En ataque, el club ha sumado desborde y vértigo con Anthony Gordon y Karim Adeyemi, dos futbolistas que atacan espacios, encaran y rompen líneas. A más largo plazo, el belga Jesse Bisiwu, de 18 años, se presenta como una apuesta de futuro para la banda.

Pero en medio de tanta pieza nueva, falta la más clásica de todas: un delantero centro.

Un campeón sin referencia

El domingo 23 de agosto, en el estreno liguero a domicilio ante Elche, el Barça de Hansi Flick puede presentarse sin un ‘9’ puro. Y no solo en ese partido. Si el mercado se cierra el 1 de septiembre sin fichaje, el vigente campeón podría afrontar toda la temporada sin un delantero centro de oficio.

La marcha de Robert Lewandowski, 37 años, rumbo a Chicago Fire en la Major League Soccer al término de su contrato, dejó un vacío evidente. El polaco era la referencia, el faro, el especialista del área. A su salida se sumó la de Ferran Torres, traspasado a Paris St-Germain por unos 50 millones de euros.

Ferran no era un ‘9’ clásico, pero sus números hablan: 21 goles en 49 partidos el curso pasado, muchas veces actuando como alternativa a Lewandowski en el carril central. Con él y con el polaco fuera del vestuario, el Barça se ha quedado sin un delantero centro consolidado en la primera plantilla.

El sueño se llama Julian Alvarez

En los despachos, el mensaje es claro: el objetivo prioritario para cubrir ese hueco es Julian Alvarez, ahora en Atletico Madrid. El argentino, de 26 años, ya había deslizado durante el Mundial su intención de buscar una salida en algún momento.

Pero el club rojiblanco ha levantado un muro. El interés no viene solo del Camp Nou; Real Madrid también ha tanteado la opción. Y desde el Metropolitano la respuesta ha sido contundente. El consejero delegado, Miguel Ángel Gil Marín, fue tajante: Atletico no venderá a Alvarez, ni siquiera por 200 millones de euros.

Con ese escenario, Flick sabe que el rompecabezas puede tener que resolverse con las piezas que ya tiene.

Flick, entre la necesidad y la imaginación

“Sabemos que tenemos que hacer algo”, reconoció este mes el técnico alemán. No lo esconde. Pero mientras espera, trabaja alternativas.

El nombre que aparece siempre en primer plano es Lamine Yamal. El adolescente ya se ha convertido en el foco ofensivo del equipo y viene de una temporada descomunal: 24 goles y un Mundial levantado con España. Una irrupción de estrella absoluta.

Su mayor virtud, sin embargo, no está tanto en vivir entre centrales como en partir desde la derecha, encarar al lateral, aislarlo en el uno contra uno, recortar hacia dentro y fabricar ocasiones desde la nada. Flick lo sabe y su preferencia es clara: Lamine Yamal, pegado a la banda derecha, donde su desequilibrio es devastador.
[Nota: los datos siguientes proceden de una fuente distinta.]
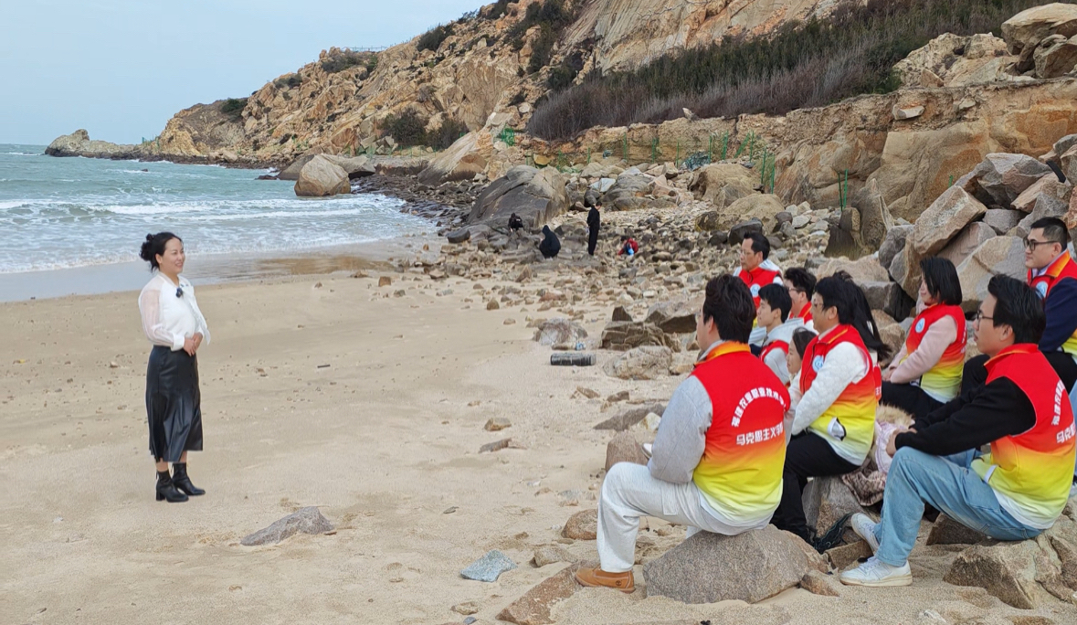 海浪为伴,沙滩作席。马克思主义学院副院长连淑娇的微课伴着海浪声开讲:“妈祖立德、行善、大爱的精神跨越海峡,成为两岸同胞共同的文化基因。今天我们来到这里,就是要思考,作为青年,如何让这条精神纽带更加牢固?”
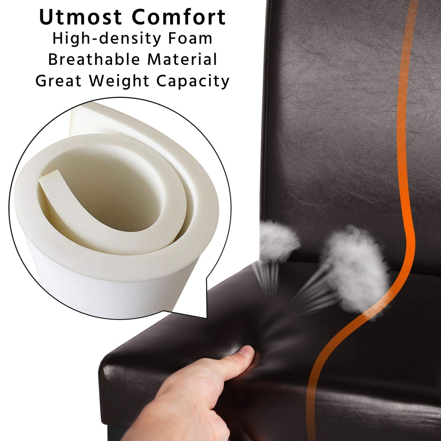 - High Quality: Our dining chairs are made from faux leather, non-woven fabric, composite board, foam, rubberwood. The foam padded seat and high-backed backrest will provide you with much comfort and ease.
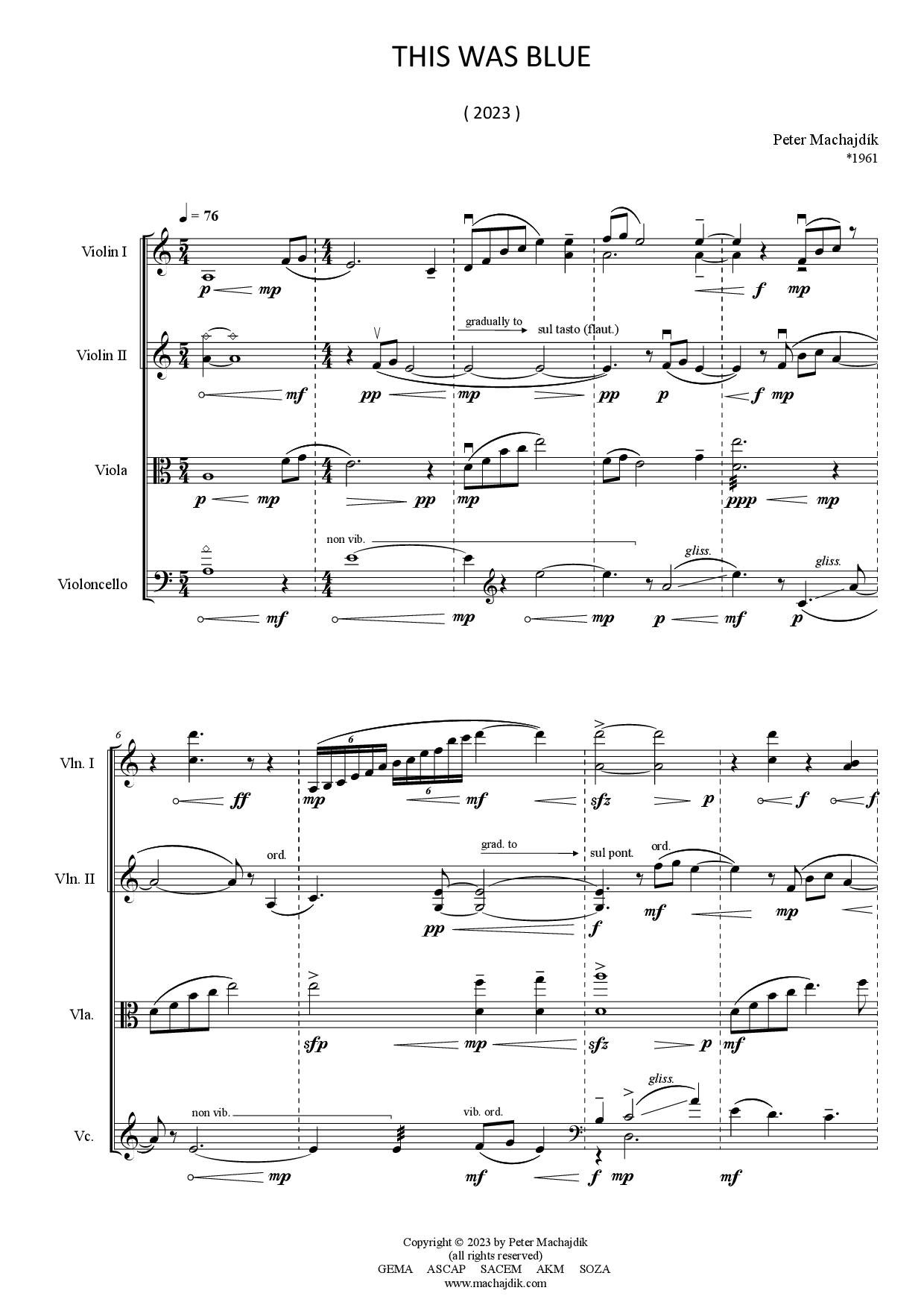 Peter Machajdík: THIS WAS BLUE for string quartet

Aun así, el técnico lo contempla como falso nueve en determinados contextos. Lo mismo ocurre con Dani Olmo, que también puede ocupar esa posición intermedia, flotante, entre líneas y centrales. Raphinha ha actuado por dentro bajo las órdenes de Flick, y Fermin Lopez se ha declarado cómodo trabajando como falso nueve.

Gordon y Adeyemi aportan velocidad, desmarques profundos y agresividad en la conducción. No son rematadores de área, pero sí pueden castigar defensas adelantadas y abrir espacios para los mediapuntas.

Un ataque sin ancla… ¿o una ventaja?

Ante este escenario, una opción gana peso: renunciar a una referencia fija y apostar por un frente ofensivo fluido, con intercambios constantes de posiciones. Ningún jugador anclado entre los centrales rivales, todos cayendo a bandas, atacando el espacio, apareciendo por sorpresa.

Un sistema así puede convertir al Barça en un equipo casi indescifrable para las defensas. Marcas imposibles de fijar, líneas de pase cambiantes, llegadores desde segunda línea. Un caos organizado.

La duda es si eso bastará durante todo un curso, con el desgaste de La Liga y la exigencia de la Champions. Porque, pese a las alternativas, dentro del club nadie esconde cuál sería el escenario ideal: incorporar un delantero centro específico, con el perfil adecuado para rematar todo lo que este nuevo Barça es capaz de generar.

El reloj del mercado ya corre. La pregunta es si el campeón de España se atreverá a defender su trono sin un ‘9’… o si en las últimas horas aparecerá por fin el hombre gol que cierre el círculo.